RECORDS SUPPLIED: Begin

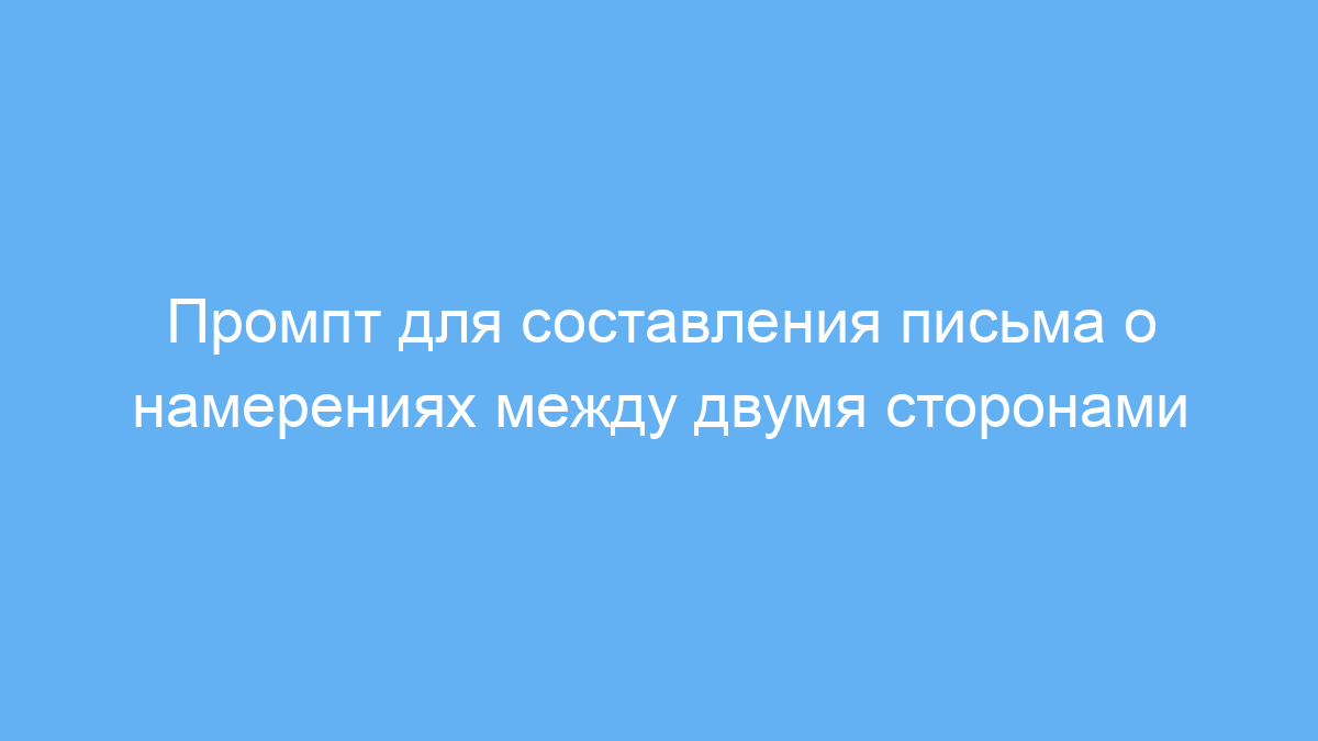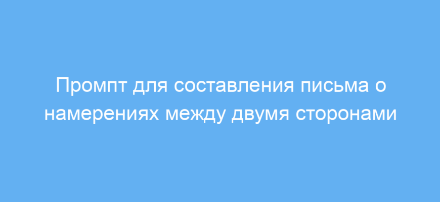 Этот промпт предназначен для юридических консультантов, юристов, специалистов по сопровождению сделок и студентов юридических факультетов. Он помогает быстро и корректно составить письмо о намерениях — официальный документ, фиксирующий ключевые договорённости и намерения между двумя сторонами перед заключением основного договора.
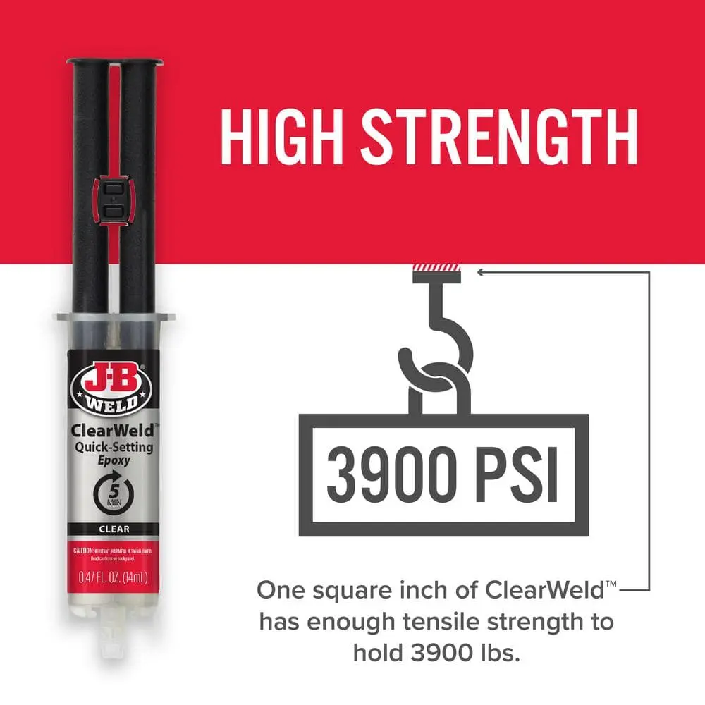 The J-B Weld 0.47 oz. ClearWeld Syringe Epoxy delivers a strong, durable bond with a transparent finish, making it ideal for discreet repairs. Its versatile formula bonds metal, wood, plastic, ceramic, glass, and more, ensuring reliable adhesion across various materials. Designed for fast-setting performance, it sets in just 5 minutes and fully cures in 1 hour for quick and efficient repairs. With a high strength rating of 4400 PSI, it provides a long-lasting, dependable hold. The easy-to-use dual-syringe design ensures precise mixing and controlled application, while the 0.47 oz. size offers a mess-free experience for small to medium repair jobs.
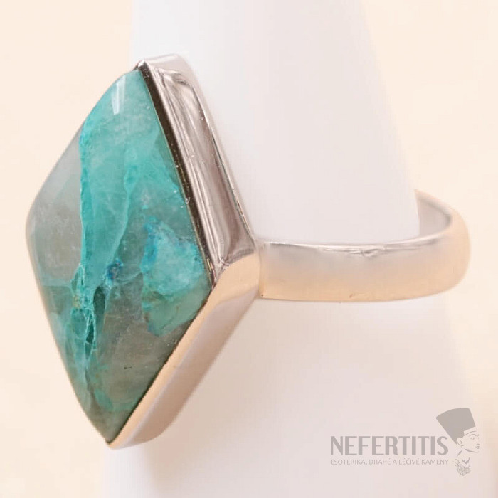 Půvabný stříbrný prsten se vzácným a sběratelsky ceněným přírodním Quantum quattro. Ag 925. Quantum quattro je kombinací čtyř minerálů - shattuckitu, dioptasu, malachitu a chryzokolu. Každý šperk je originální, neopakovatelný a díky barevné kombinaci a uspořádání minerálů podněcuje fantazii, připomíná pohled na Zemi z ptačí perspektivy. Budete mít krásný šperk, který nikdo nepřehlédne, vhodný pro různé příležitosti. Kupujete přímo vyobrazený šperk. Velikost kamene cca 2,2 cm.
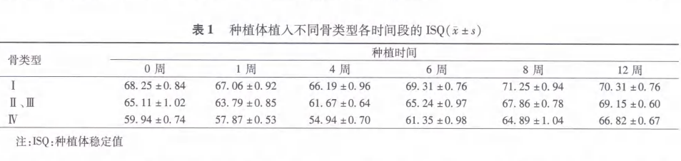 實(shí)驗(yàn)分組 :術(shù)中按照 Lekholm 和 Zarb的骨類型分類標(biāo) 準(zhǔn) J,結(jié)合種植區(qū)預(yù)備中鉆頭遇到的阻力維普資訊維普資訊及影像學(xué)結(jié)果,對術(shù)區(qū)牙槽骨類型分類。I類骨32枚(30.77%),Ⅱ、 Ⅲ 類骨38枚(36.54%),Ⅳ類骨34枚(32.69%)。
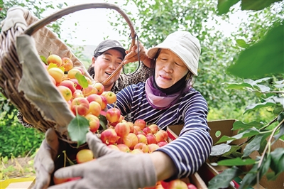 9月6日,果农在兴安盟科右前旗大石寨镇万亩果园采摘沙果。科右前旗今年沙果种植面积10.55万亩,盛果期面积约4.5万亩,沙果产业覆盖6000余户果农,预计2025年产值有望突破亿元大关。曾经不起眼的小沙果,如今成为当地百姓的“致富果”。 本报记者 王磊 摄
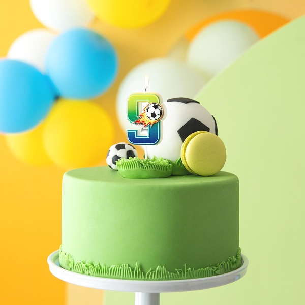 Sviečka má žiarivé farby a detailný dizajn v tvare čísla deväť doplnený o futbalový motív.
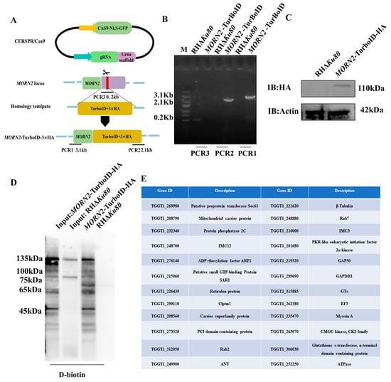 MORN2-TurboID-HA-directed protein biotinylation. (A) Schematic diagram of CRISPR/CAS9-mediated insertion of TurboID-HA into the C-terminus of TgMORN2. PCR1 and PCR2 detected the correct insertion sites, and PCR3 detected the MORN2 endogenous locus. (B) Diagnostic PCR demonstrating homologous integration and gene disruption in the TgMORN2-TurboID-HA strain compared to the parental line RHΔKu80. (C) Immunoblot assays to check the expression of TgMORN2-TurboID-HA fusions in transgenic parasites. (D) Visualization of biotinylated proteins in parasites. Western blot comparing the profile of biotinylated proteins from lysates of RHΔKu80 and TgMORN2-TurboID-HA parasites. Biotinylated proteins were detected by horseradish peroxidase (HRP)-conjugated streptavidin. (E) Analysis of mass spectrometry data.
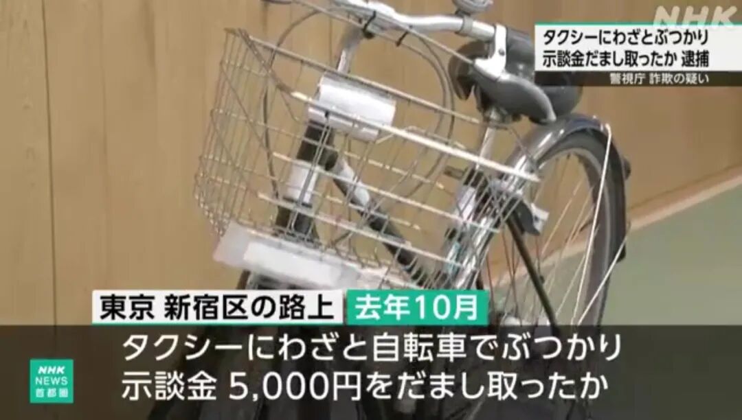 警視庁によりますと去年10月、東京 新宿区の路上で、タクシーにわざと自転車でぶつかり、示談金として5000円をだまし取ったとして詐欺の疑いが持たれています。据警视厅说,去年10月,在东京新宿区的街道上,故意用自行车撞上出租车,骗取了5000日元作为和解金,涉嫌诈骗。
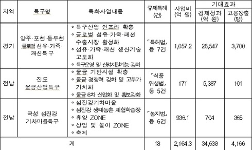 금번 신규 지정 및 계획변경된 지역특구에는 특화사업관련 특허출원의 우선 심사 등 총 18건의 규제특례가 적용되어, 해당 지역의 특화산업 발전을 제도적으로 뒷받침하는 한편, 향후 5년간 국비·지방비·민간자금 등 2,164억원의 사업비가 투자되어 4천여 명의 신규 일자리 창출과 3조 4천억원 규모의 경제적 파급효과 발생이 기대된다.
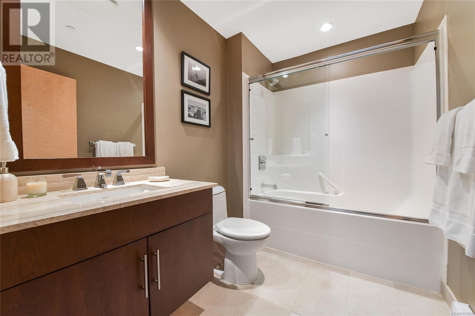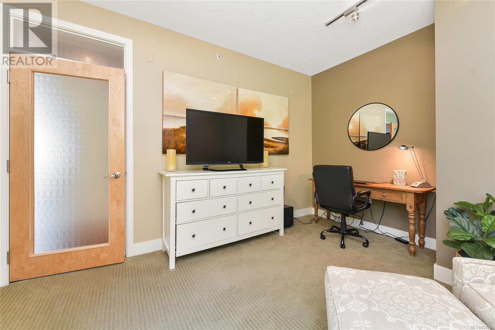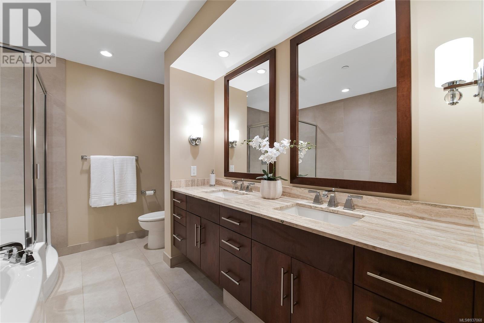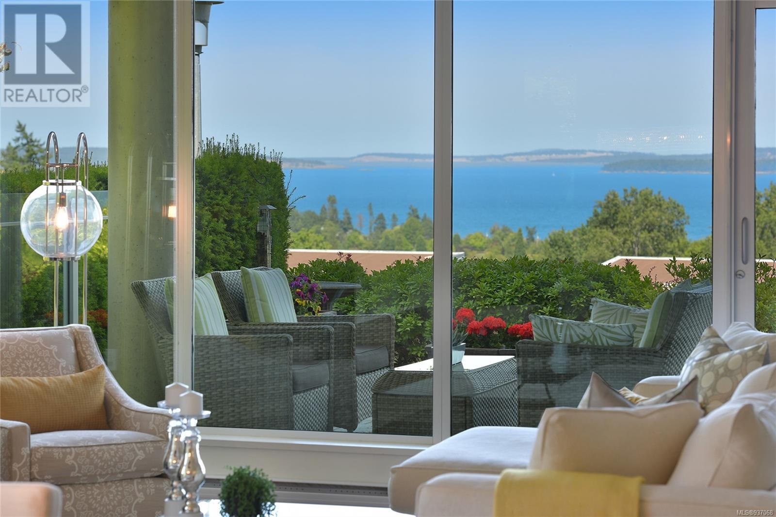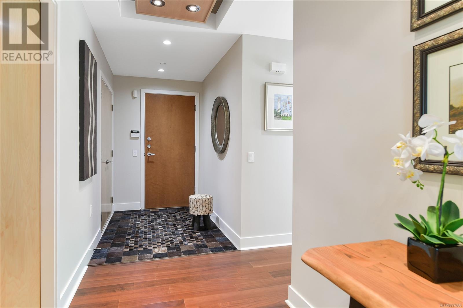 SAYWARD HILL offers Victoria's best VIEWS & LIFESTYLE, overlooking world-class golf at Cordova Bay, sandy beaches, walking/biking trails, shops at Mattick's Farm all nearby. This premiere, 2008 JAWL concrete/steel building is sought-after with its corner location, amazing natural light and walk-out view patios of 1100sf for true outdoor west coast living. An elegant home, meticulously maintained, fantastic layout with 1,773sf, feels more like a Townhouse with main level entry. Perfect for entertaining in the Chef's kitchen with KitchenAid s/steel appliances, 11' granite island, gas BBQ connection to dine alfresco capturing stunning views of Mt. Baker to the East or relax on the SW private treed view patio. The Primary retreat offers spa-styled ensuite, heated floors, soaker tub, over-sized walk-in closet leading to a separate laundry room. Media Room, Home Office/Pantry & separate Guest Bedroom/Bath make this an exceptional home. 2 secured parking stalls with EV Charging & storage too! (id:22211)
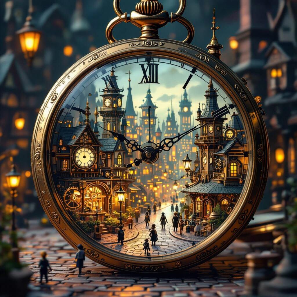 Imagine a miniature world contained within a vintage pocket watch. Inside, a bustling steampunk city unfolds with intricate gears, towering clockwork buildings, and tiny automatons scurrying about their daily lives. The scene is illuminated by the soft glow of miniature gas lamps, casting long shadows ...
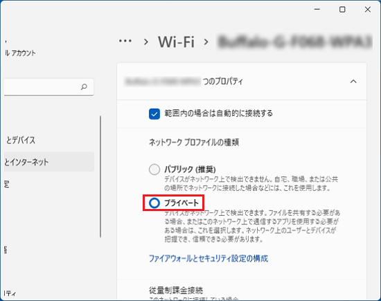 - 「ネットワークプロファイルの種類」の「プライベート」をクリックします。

RECORDS SUPPLIED: End

**INSTRUCTIONS TO FOLLOW:**
Copy every record exactly, leaving the pictures out.

**RESULT:**
 Этот промпт предназначен для юридических консультантов, юристов, специалистов по сопровождению сделок и студентов юридических факультетов. Он помогает быстро и корректно составить письмо о намерениях — официальный документ, фиксирующий ключевые договорённости и намерения между двумя сторонами перед заключением основного договора.
 The J-B Weld 0.47 oz. ClearWeld Syringe Epoxy delivers a strong, durable bond with a transparent finish, making it ideal for discreet repairs. Its versatile formula bonds metal, wood, plastic, ceramic, glass, and more, ensuring reliable adhesion across various materials. Designed for fast-setting performance, it sets in just 5 minutes and fully cures in 1 hour for quick and efficient repairs. With a high strength rating of 4400 PSI, it provides a long-lasting, dependable hold. The easy-to-use dual-syringe design ensures precise mixing and controlled application, while the 0.47 oz. size offers a mess-free experience for small to medium repair jobs.
 Půvabný stříbrný prsten se vzácným a sběratelsky ceněným přírodním Quantum quattro. Ag 925. Quantum quattro je kombinací čtyř minerálů - shattuckitu, dioptasu, malachitu a chryzokolu. Každý šperk je originální, neopakovatelný a díky barevné kombinaci a uspořádání minerálů podněcuje fantazii, připomíná pohled na Zemi z ptačí perspektivy. Budete mít krásný šperk, který nikdo nepřehlédne, vhodný pro různé příležitosti. Kupujete přímo vyobrazený šperk. Velikost kamene cca 2,2 cm.
 實(shí)驗(yàn)分組 :術(shù)中按照 Lekholm 和 Zarb的骨類型分類標(biāo) 準(zhǔn) J,結(jié)合種植區(qū)預(yù)備中鉆頭遇到的阻力維普資訊維普資訊及影像學(xué)結(jié)果,對術(shù)區(qū)牙槽骨類型分類。I類骨32枚(30.77%),Ⅱ、 Ⅲ 類骨38枚(36.54%),Ⅳ類骨34枚(32.69%)。
 9月6日,果农在兴安盟科右前旗大石寨镇万亩果园采摘沙果。科右前旗今年沙果种植面积10.55万亩,盛果期面积约4.5万亩,沙果产业覆盖6000余户果农,预计2025年产值有望突破亿元大关。曾经不起眼的小沙果,如今成为当地百姓的“致富果”。 本报记者 王磊 摄
 Sviečka má žiarivé farby a detailný dizajn v tvare čísla deväť doplnený o futbalový motív.
 MORN2-TurboID-HA-directed protein biotinylation. (A) Schematic diagram of CRISPR/CAS9-mediated insertion of TurboID-HA into the C-terminus of TgMORN2. PCR1 and PCR2 detected the correct insertion sites, and PCR3 detected the MORN2 endogenous locus. (B) Diagnostic PCR demonstrating homologous integration and gene disruption in the TgMORN2-TurboID-HA strain compared to the parental line RHΔKu80. (C) Immunoblot assays to check the expression of TgMORN2-TurboID-HA fusions in transgenic parasites. (D) Visualization of biotinylated proteins in parasites. Western blot comparing the profile of biotinylated proteins from lysates of RHΔKu80 and TgMORN2-TurboID-HA parasites. Biotinylated proteins were detected by horseradish peroxidase (HRP)-conjugated streptavidin. (E) Analysis of mass spectrometry data.
 警視庁によりますと去年10月、東京 新宿区の路上で、タクシーにわざと自転車でぶつかり、示談金として5000円をだまし取ったとして詐欺の疑いが持たれています。据警视厅说,去年10月,在东京新宿区的街道上,故意用自行车撞上出租车,骗取了5000日元作为和解金,涉嫌诈骗。
 금번 신규 지정 및 계획변경된 지역특구에는 특화사업관련 특허출원의 우선 심사 등 총 18건의 규제특례가 적용되어, 해당 지역의 특화산업 발전을 제도적으로 뒷받침하는 한편, 향후 5년간 국비·지방비·민간자금 등 2,164억원의 사업비가 투자되어 4천여 명의 신규 일자리 창출과 3조 4천억원 규모의 경제적 파급효과 발생이 기대된다.
 SAYWARD HILL offers Victoria's best VIEWS & LIFESTYLE, overlooking world-class golf at Cordova Bay, sandy beaches, walking/biking trails, shops at Mattick's Farm all nearby. This premiere, 2008 JAWL concrete/steel building is sought-after with its corner location, amazing natural light and walk-out view patios of 1100sf for true outdoor west coast living. An elegant home, meticulously maintained, fantastic layout with 1,773sf, feels more like a Townhouse with main level entry. Perfect for entertaining in the Chef's kitchen with KitchenAid s/steel appliances, 11' granite island, gas BBQ connection to dine alfresco capturing stunning views of Mt. Baker to the East or relax on the SW private treed view patio. The Primary retreat offers spa-styled ensuite, heated floors, soaker tub, over-sized walk-in closet leading to a separate laundry room. Media Room, Home Office/Pantry & separate Guest Bedroom/Bath make this an exceptional home. 2 secured parking stalls with EV Charging & storage too! (id:22211)
 Imagine a miniature world contained within a vintage pocket watch. Inside, a bustling steampunk city unfolds with intricate gears, towering clockwork buildings, and tiny automatons scurrying about their daily lives. The scene is illuminated by the soft glow of miniature gas lamps, casting long shadows ...
 - 「ネットワークプロファイルの種類」の「プライベート」をクリックします。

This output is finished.